Thanks to everyone who participated in this week's Food History Happy Hour! In this episode we made the Jersey Cooler from the Roving Bartenter (1946), but the cocktail itself appears to have been invented by the famous Jerry Thomas as it appears in his 1862 How to Mix Drinks.
With the primary ingredient hard cider, I thought it a particularly apt cocktail for our discussion of apples in America! I chose apples as the topic for tonight's Food History Happy Hour because mid-September is when apple harvest in the Northeast usually really starts to get underway. Coincidentally (on my part, anyway), tonight is also the start Rosh Hashanah, or the Jewish New Year, which runs until Sunday. One of the components of Rosh Hashanah is the use of apples and honey, particularly in Ashkenazi Jewish households, who originate in Eastern Europe. Apples and honey are eaten to symbolize sweetness and prosperity for the coming year.

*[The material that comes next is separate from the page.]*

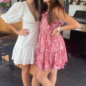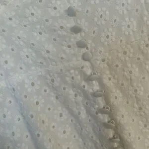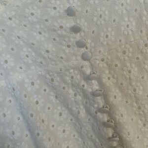 Chic white dress with eyelet floral details and gorgeous buttoning. Super flattering slim fit. Perfect for any occasion and only worn once!
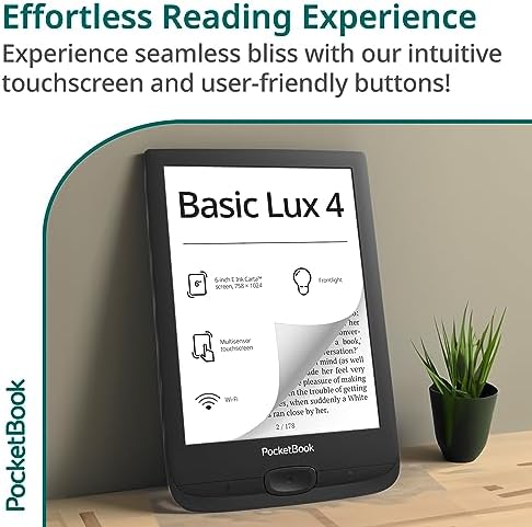 Basic Lux 4: Step into a World of Endless Stories Dive into a world of eye-friendly and comfortable reading with our 6-inch touch screen, powered by E-Ink Carta technology. Say goodbye to glare and eye strain as the screen mimics the soothing feel of ordinary paper, making reading a delight wherever you go. Supporting an impressive 25 formats, from ACSM to PNG, it offers unparalleled freedom in reading choice. Elevate your learning journey with 11 preloaded dictionaries and 42 additional language combinations, making your reading experience more enriching and productive. Embrace the joy of e-books without limitations! Our Basic Lux 4 lets you immerse yourself in captivating stories anytime, anywhere, regardless of the lighting conditions. With the simple flick of the frontlight switch, you can delve into your favorite reads even in the darkest corners.

On a more somber note, I learned that Supreme Court Justice Ruth Bader Ginsburg passed away just minutes before the start of the show. In fact, I almost didn't do tonight's episode because I was so upset. But I figured that the notorious RBG would power through if it was her, and it was fitting to be talking about apples and hoping for peace and prosperity in the coming New Year. So we poured one out for Ruth and gave her a toast.

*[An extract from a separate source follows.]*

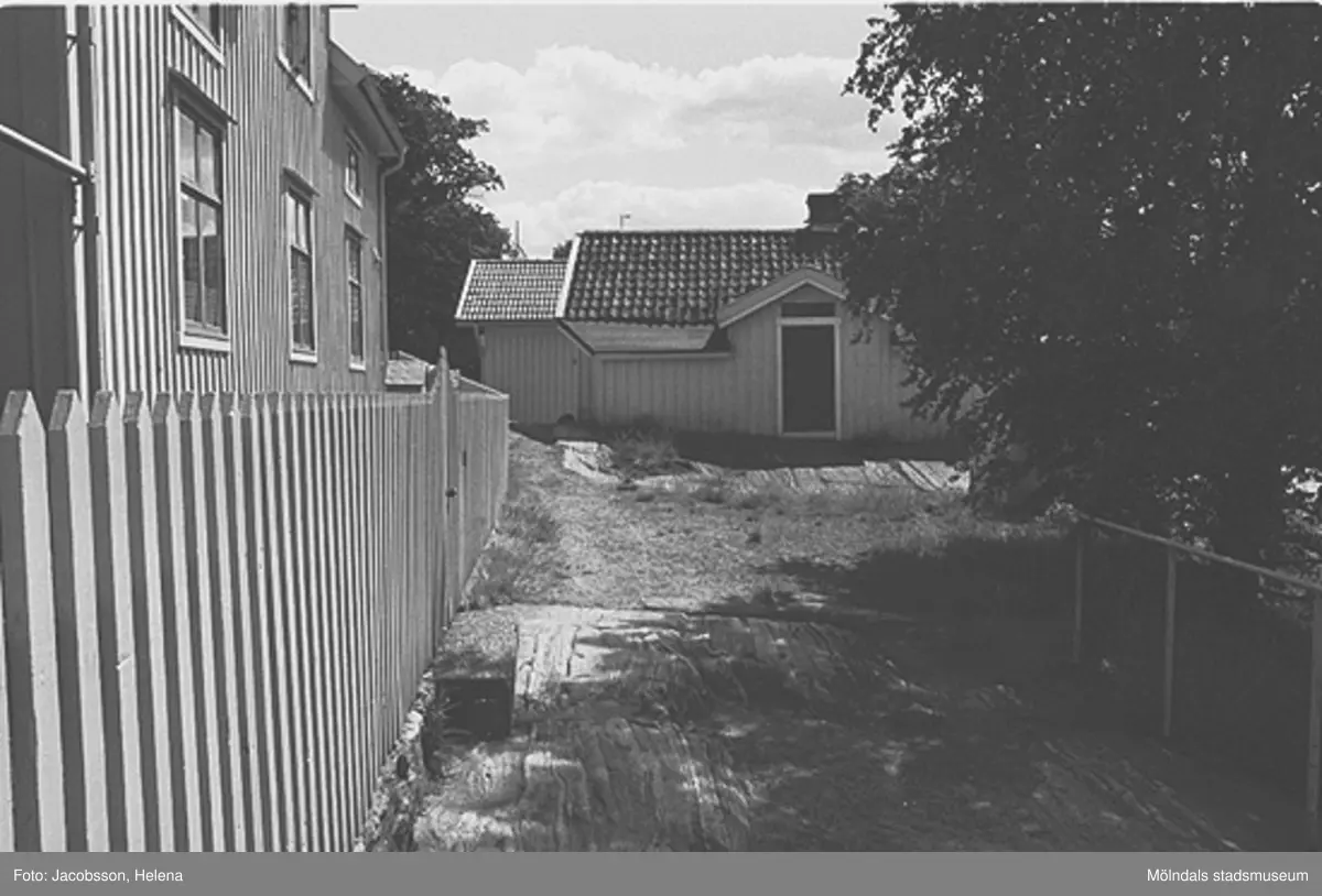 Titel: Exteriör av bostadshus med bergstomt på Roten M 29 i Mölndals Kvarnby, 1972.

We talked about the origins of hard cider, with an aside about the 1840 presidential campaign of William Henry Harrison, why hard cider fell out of favor, the origins of apples in the mountains of Kazakhstan, Johnny Appleseed, the story of Red Delicious, heirloom apple varieties, and the not-so-American origins of apple pie.
Jersey Cooler (1946)
From the 1946 Roving Bartender by Bill Kelly:
You can see other, slightly more complicated versions below:
Jersey Cocktail (1862)
As far as I can tell, this is the oldest version of the Jersey Cooler (called cocktail here), invented by the famous Jerry Thomas from his How to Mix Drinks from 1862. Because the earliest reference is from Mr. Thomas, who was a born and raised New Yorker, I think that the "Jersey" in this instance refers to New Jersey, not Jersey, England.
Here's his recipe:
(Use small bar glass.)
1 teaspoonful of sugar.
2 dashes of bitters.
Fill tumbler with cider, and mix well, with lemon peel on top.
Our next episode will be on Friday, October 2, 2020 and since it will officially be October, we'll be talking about pumpkins and the origins of the much-maligned pumpkin spice!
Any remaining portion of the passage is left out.